After the French under John II, which had been shadowing the Princes army, finally got I front of the Anglo-Gascon forces, it was clear the two sides would have to fight. On the 19th September 1356, outside the town of Poitiers, the two sides faced of against each other. The Black Prince, remembering Crećy, had his much smaller army positioned on a slight slope with a forest covering their rear and archers placed on the flanks, with the customary wooden spikes placed in front of the main line.
As at Crećy, the French cavalry charged at the English with only the first few lines knights it to the English men-at-arms, with arrows raining down on the back lines completely destroying the momentum of the French attack. Ordering his infantry to join the Fight, King John committed his reserves allowing Edward's cavalry to swing round the right and smash into the French left, causing a mass route. Adding to John's bad day, Edward's knights smashed straight into the front of the French lines, pinning the unorganised forces allowing for a complete slaughter. King John was eventually captured after a valiant last stand, and along with many a French noble, was taken back to England.
Battle of Poitiers (miniature of Froissart) SOURCE: Public domain
The battle of Poitiers was a miraculous victory for Edward, overcoming improbable odds and a numerical disadvantage to completely destroy a French army and, capture a French King. where as Crećy is considered Edward III's finest day, Poitiers goes down in history as The Black Prince's greats achievement.
Ever the Chivalrous young man, Edward personally waited on the French king, making sure he had any and all things that he needed on his way back to his fathers court, even the French found it hard to deny Edward's honour and bravery now. The capture of John allowed Edward III to carve out a treaty that saw him as ruler of most of the south of France and, secured the fee of 4,000,000 crowns for the realise of John, a truly remarkable prize secured by his son.
At the age of 31, and at the hight of his popularity, Edward decided to marry his cousin, Joan of Kent, a women who he was truly in love with, and the two of them spent the early 1360's touring Aquitaine, newly acquired in the treaty of Bretigny, racking up further debts due to the prince's lavish spending and banquets. By 1365, Edward had perhaps the greats prize of all, a son. Named Edward after his father, grandfather, great grandfather and great great grandfather, the royal couple were likely at their happiest.
War in Spain
With things going well for Edward, his attention was turned away from having children and being a good lord when, in 1366, he received a request for help from Pedro of Castile who had recently had his throne usurped from his half bother, Enrique of Trastámara. Edward III, keen to keep the alliance between England and Castile, convinced his son to lead an expedition into Spain and put Pedro (later known as 'The Cruel' for his poor treatment of his subjects and the church) back on the throne, adding further financial strain on the Black Prince.
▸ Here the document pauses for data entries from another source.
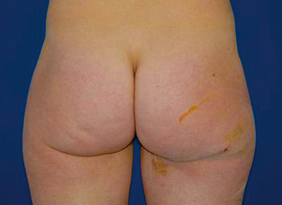 Abb. 4 Unauffälliger Hebedefekt/Narbe nach FCI-Flap am rechten Gesäß direkt postoperativ. Die Symmetrie ist kaum gestört. Als Nachteil muss bei den Plastiken der Glutealfalte häufig ein Gefühlsnerv durchtrennt werden. Manchmal verbleibt ein Taubheitsgefühl am hinteren Oberschenkel. Beim S-GAP tritt dies nicht auf. Dafür ist die Narbe etwas unvorteilhafter positioniert. Wiederaufbau der Mamille Für die Rekonstruktion der Brustwarze gibt es viele Möglichkeiten. Es handelt sich um einen kleineren Eingriff, der in der Regel in Kombination durchgeführt wird. Eigenfett-Transplantation zur Form- und Volumenkorrektur Die Eigenfett-Transplantation (sog. lipofilling) ist ein relativ neues Verfahren, das zunehmend bekannt wird. Fettzellen werden durch Absaugung, also ohne Gefäßversorgung, gewonnen und nach Aufarbeitung in die Brust implantiert. Es handelt sich um einen losen Zellverbund. Nur die Zellen, die rechtzeitig Anschluss an die örtlichen Gefäße finden, können überleben. Das Verfahren ist sehr gut geeignet, um kleinere Form- und Volumenasymmetrien während eines wenig invasiven Eingriffes auszugleichen. In den letzten Jahren hat die Eigenfett-Transplantation Kontroversen hinsichtlich ihres Potentials zur Tumorinduktion ausgelöst. Hintergrund ist, dass mit den Adipozyten auch Stammzellen transplantiert werden. Sowohl ihr Verhalten als auch der fördernde Einfluss des Transplantates auf die Angiogenese sind insbesondere bei potentiell residualen Tumorzellen noch nicht abschließend geklärt. Auch wenn klinische Beobachtungen diesen in-vitro-Effekt bisher nicht bestätigen konnten, so sind Langzeitergebnisse der Eigenfett-Transplantation bei diesem Patientenklientel noch nicht ausreichend verfügbar. Daher praktizieren wir das Lipofilling nur bei Patientinnen, bei denen das Brustdrüsengewebe vollständig entfernt wurde. Nach brusterhaltender Therapie stehen wir der Eigenfett-Transplantation bislang zurückhaltend gegenüber. Ein vollständiger Aufbau der Brust als Ersatz für einen mikrochirurgischen Eingriff ist bisher nur in wenigen Fällen publiziert. Aus unserer Sicht bleibt diese Technik derzeit günstigen Einzelfällen vorbehalten, bei denen ausreichend Haut an der Brust zur Verfügung steht und nur ein geringes Volumen erzielt werden muss, bzw. sehr viel überschüssiges Fettgewebe an anderer Körperstelle vorhanden ist. Nach eigenen Erfahrungen sind zahlreiche Eingriffe erforderlich. Sehr gut eignet sich das Verfahren hingegen bei der Optimierung mikrochirurgischer Lappenplastiken und auch zur Verbesserung von Implantatrekonstruktionen. Fazit Die Zusammenarbeit hochspezialisierter Fachgebiete hat die bisher erzielten Erfolge bei der Behandlung onkologischer Erkrankungen ermöglicht. Auch beim Mammakarzinom ist die Versorgung aus nur einer Hand nicht mehr in der erforderlichen Qualität zu gewährleisten. Die Zusammenarbeit besonders der onkologischen Disziplinen ist in Deutschland fast überall sehr gut etabliert. Dieser Anspruch gilt ebenfalls für die Brustwiederherstellung. Die Vielzahl der zur Verfügung stehenden Techniken auch in komplexen Situationen zu beherrschen, erfordert ein langjähriges spezielles Training. Um ein möglichst gut auf die individuelle Patientin abgestimmtes Rekonstruktionsverfahren anbieten zu können, ist es erforderlich, sämtliche, auch die modernen mikrochirurgischen Techniken, zu beherrschen. Nur so ist sichergestellt, dass die Entscheidung nicht aufgrund technischer Limitationen eingeschränkt ist. Alle Frauen sollten sich bereits bei der Diagnosestellung des Brustkrebses über sämtliche Rekonstruktionsoptionen informieren – dies unterstützt die psychologische Krankheitsbewältigung und schafft einen Planungshorizont für die Form der Mastektomie und den Zeitpunkt der Rekonstruktion. Entscheidend ist der Wunsch der Patientin. Die Krankenkassen übernehmen sämtliche Kosten der oben beschriebenen Verfahren des Brustwiederaufbaus nach einer Mammakarzinomerkrankung. Eine Rekonstruktion mit Expander und Silikonimplantaten kann häufig eine akzeptable Brustform erzielen. Falls ein zusätzlicher Weichteilschutz erforderlich ist, stellt die Latissimus dorsi Lappenplastik nach wie vor eine Option dar. Im Hinblick auf die Nachhaltigkeit des Operationserfolges sowie auf das ästhetische Endergebnis, halten wir die autologe Mammarekonstruktion mit freien, mikrochirurgisch transplantierten Lappenplastiken für die derzeit beste Methode. Zwar ist der perioperative Aufwand umfangreicher und die anfänglichen möglichen Komplikationen hierdurch stärker als bei alloplastischen Rekonstruktionen. In der Obhut einer zertifizierten Klinik zur Brustrekonstruktion ist die Komplikationsrate allerdings gering und bei planmäßigem Verlauf stellt diese Brustrekonstruktion ein endgültiges, lebenslanges Resultat dar. Eigenfett-Transplantationen sind derzeit eher ein additives Verfahren und hinsichtlich ihrer onkologischen Sicherheit noch nicht abschließend zu bewerten. (Literaturquellen bei der Redaktion) Weitere Informationen:
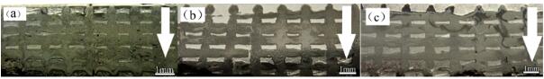 SiC预制体由φ0.8mm的挤出丝分层堆积而成,分层厚度为0.6mm。3D打印SiC预制体具有层级结构的多孔结构,宏观上是由挤出丝构成的多孔网络结构,挤出丝内部是SiC颗粒构成的微孔网络结构,合金熔体浸渗不仅要填充SiC挤出丝间的大孔网络,还要渗入SiC颗粒间的微孔网络,才能形成致密的复合材料。
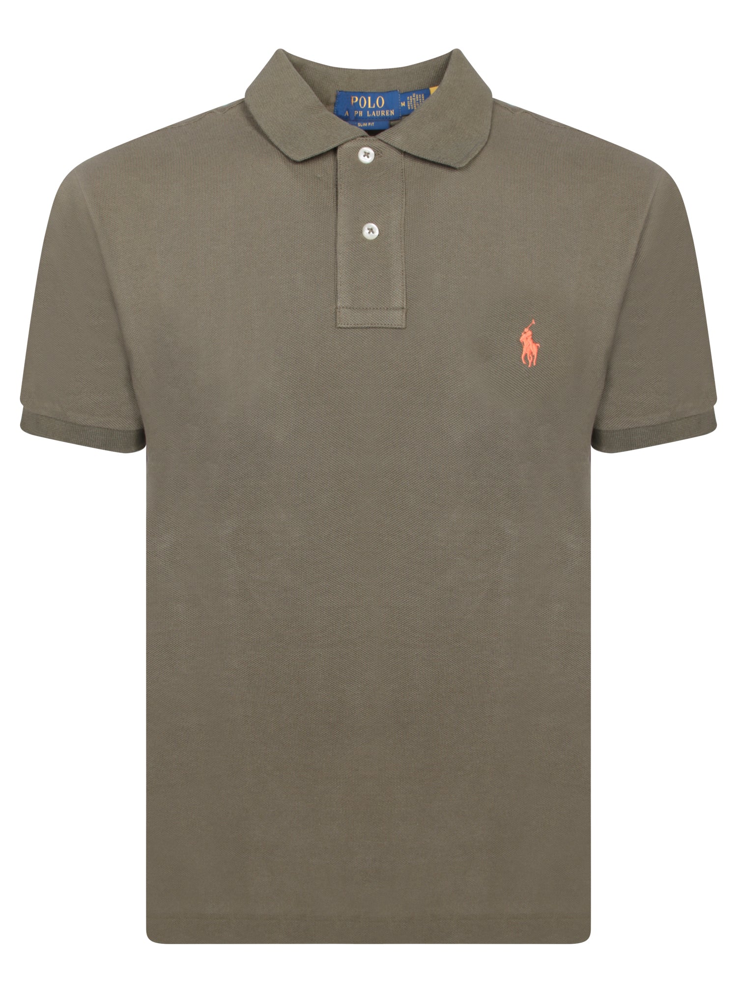 This Ralph Lauren military green cotton piquet polo features a clean and classic design, with a contrasting embroidered logo adding a distinctive touch. Ideal for a casual yet refined look.
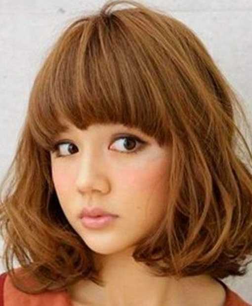 一款日式可爱的短发,内弧的刘海,使眼睛看上去有种水灵灵的感觉哦,两边有点蓬松的卷发,显得特别可爱哦,棕色的头发,特别好看。
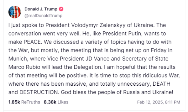 Ακολούθησε νέα ανάρτηση του Ντόναλντ Τραμπ στο Truth Social (τη δική του πλατφόρμα κοινωνικής δικτύωσης), στην οποία ο πρόεδρος των ΗΠΑ ανέφερε ότι η συζήτηση με τον ουκρανό ομόλογό του πήγε «πολύ καλά» και ότι «ο Ζελένσκι, όπως και ο Πούτιν, θέλει να επιτευχθεί ειρήνη».
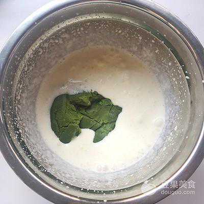 1、先来做毛巾卷面糊,干净的容器内加入抹茶粉,加入40克左右的牛奶,用蛋抽将抹茶搅拌均匀

Portrait of Pedro 'The Cruel' of Castile SOURCE: NNDB
After the birth of his second son Richard, Edward formed an army of Anglo-Gascon men, and set off for Spain, looking to defeat Enrique as quick as possible as he couldn't afford a long and drawn out campaign. By February 1367, Edward and his 6,000 strong army, had crossed the Pyrenees but bad weather and Franco-Spanish raiding parties had sapped both men and moral. On the 3rd April, outside the village of Nájera. The two armies faced off against each other, and after poorly organised cavalry and infantry attacks, the Spanish soon feel back. The English longbows tore through the Spanish lines, who not used to the onslaught caused by the hail of arrows, yet again winning the day for the English. Enrique was able to escape to the protection of the new French King Charles but, Pedro was virtually made king of Castile again. Keen to make sure the massive fees that were owed to him were replayed, Edward and his army stayed in Spain but, were soon cut down by a bad bout of dysentery, with Edward himself coming down with it.
Downfall and Death
Sick and Bankrupt, Edward arrived back in Bordeaux in the autumn of 1367 with little money to ether pay his troops or, support his lifestyle. With his father back in England loosing his grip on court due to his ill health and age, Edward gained little support or money from home. The image of the strong and brave prince had now been replaced by a sickly frail man who was loosing favour with his French nobles who slowly but surly, started to side with Charles. To make things worse, by 1369, Enrique was back on the Castilian throne and, Charles V was back on the war path with England, raiding deep into Aquitaine and Anjou, meaning the last 3 years of struggle was virtually for nothing.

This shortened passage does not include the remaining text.